HOW TO COMPLETE THIS TASK:
In the answer, each line from the top of the material through the line that contains "Ang isang sawikain" is restated exactly. No picture is given again.

..........

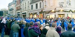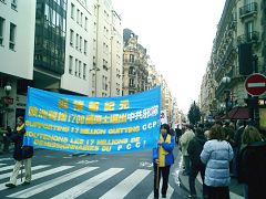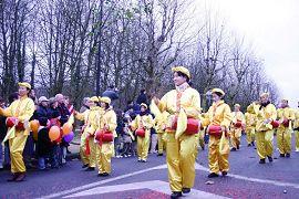法轮功学员的功法演示、天国乐团、传统舞蹈、唐装表演、腰鼓队、法轮旗、退!党!横幅等组成的强大阵容给市民们带来了法轮大法的美好、带来了节日的惊喜,也带来了法轮功被中共残酷迫害的真相。
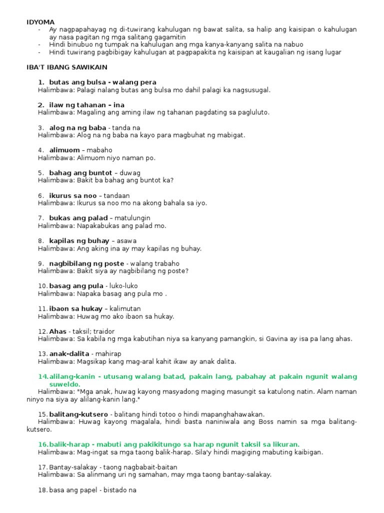 Ang isang sawikain o idyoma ay isang pagpapahayag na ang kahulugan ay hindi komposisyunal sa ibang salita hindi binubuo ng tumpak na kahulugan ang mga kanya-kanyang salita na nabuo. Butas ang bulsa - walang pera 2. Saklaw nito ang pagpapahayag ng mga Naku.
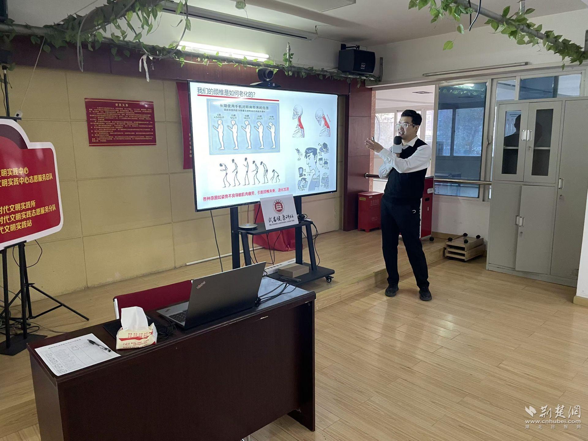 荊楚網(wǎng)(湖北日報(bào)網(wǎng))訊(通訊員 余小穎)為普及健康知識,提升居民健康素養(yǎng),12月25日上午,武昌區(qū)黃鶴樓街道讀書社區(qū)在社區(qū)二樓會議室開展“如何保護(hù)我們的頸椎”主題健康講壇活動?;顒友埼錆h市三醫(yī)院骨科主任范明宇,為社區(qū)居民帶來一堂干貨滿滿的健康講座。
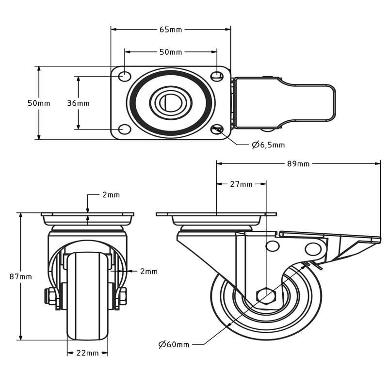 Lenkrollen mit Bremse aus Edelstahl 60 mm Gummi mit Platte - 40 kg
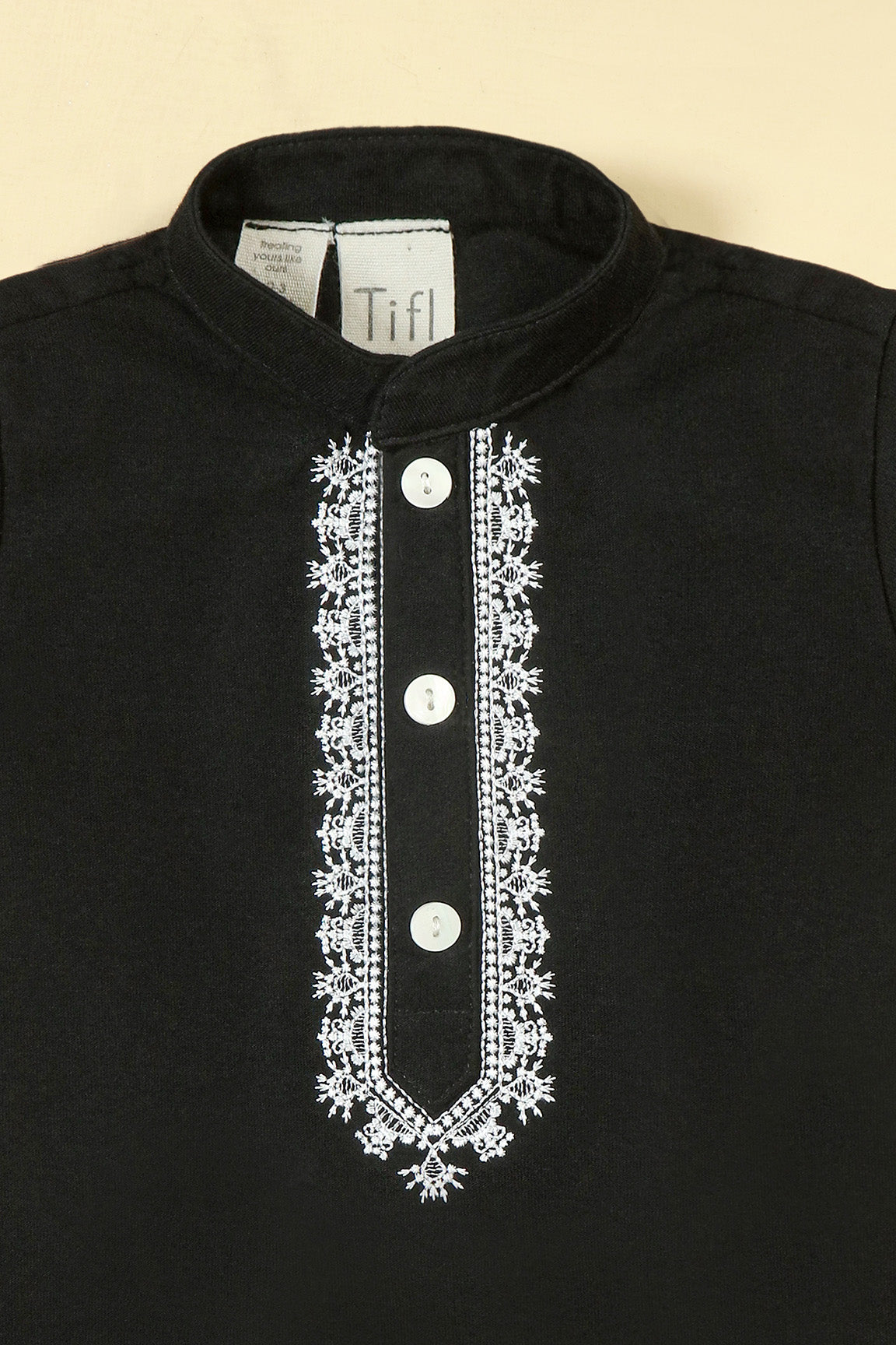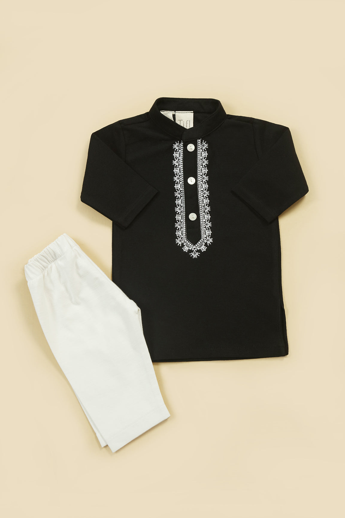 Dress your little one in our knitted timeless style with our Embroidered Jersey Kurta & Trousers Set. Thoughtfully designed for comfort and elegance, this two-piece outfit features a black embroidered kurta and white trousers .Hurry now and give your baby boys a classic look with this kurta and trousers set.

..........

RESPONSE FOR THIS EXERCISE:
法轮功学员的功法演示、天国乐团、传统舞蹈、唐装表演、腰鼓队、法轮旗、退!党!横幅等组成的强大阵容给市民们带来了法轮大法的美好、带来了节日的惊喜,也带来了法轮功被中共残酷迫害的真相。
 Ang isang sawikain o idyoma ay isang pagpapahayag na ang kahulugan ay hindi komposisyunal sa ibang salita hindi binubuo ng tumpak na kahulugan ang mga kanya-kanyang salita na nabuo. Butas ang bulsa - walang pera 2. Saklaw nito ang pagpapahayag ng mga Naku.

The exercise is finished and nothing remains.